Au milieu des années 1980, il connaît une grave dépression pendant laquelle il rédige les notes à partir desquelles il construira ses futurs recueils de poèmes et aphorismes (Psaumes de la nuit et de l’aurore, 1996 ; Passage par l’abîme, 1998). En 1992, après le décès de son épouse, militante de la protection animale, il publie sous la double signature d’Hélène et Jean Bastaire de nombreux essais théologiques affirmant le lien de charité qui unit la création et les créatures (Pour une écologie chrétienne, 2004 ; La terre de gloire : essai d’écologie parousiaque, 2010 ; Apologie des noces, 2011).
"En toutes choses, croire au printemps"
D’Alain-Fournier et de Péguy, des exégèses bibliques de Claudel, de l’étude des Pères de l’Eglise et des poètes chrétiens du XVIIe siècle, Jean Bastaire a extrait la matière d’une œuvre multiple, cohérente par ses thèmes : la fidélité, la chair, la résurrection.
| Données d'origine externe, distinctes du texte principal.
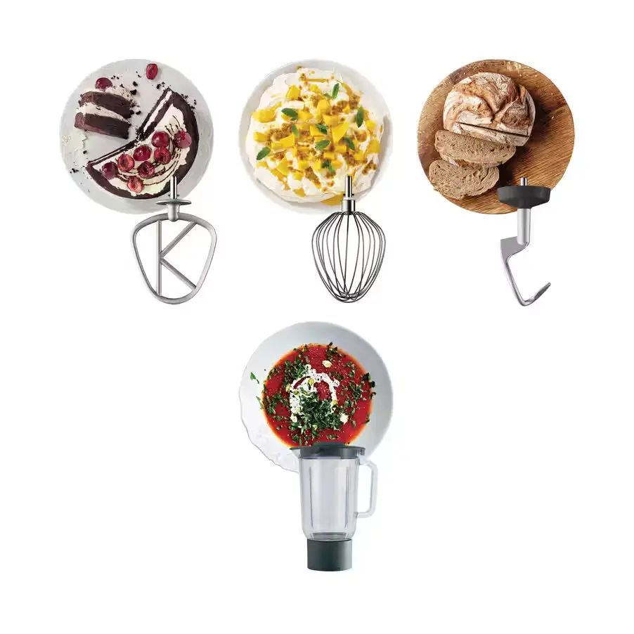 هيكل قوي وتروس متينة مصممة لتحمل الاستخدام الطويل، مع إمكانية إضافة أكثر من 20 ملحق (مثل مفرمة اللحم أو ماكينة الباستا).

Il est l’auteur sensible d’un chant pascal célébrant le salut de toutes choses.
Ses archives, riche de nombreuses correspondances (R. Bresson, A. Cuny, J.-M. Domenach, H. de Lubac, …) sont conservées, avec la collection de littérature populaire donnée en 2008, à la bibliothèque universitaire de Clermont-Ferrand.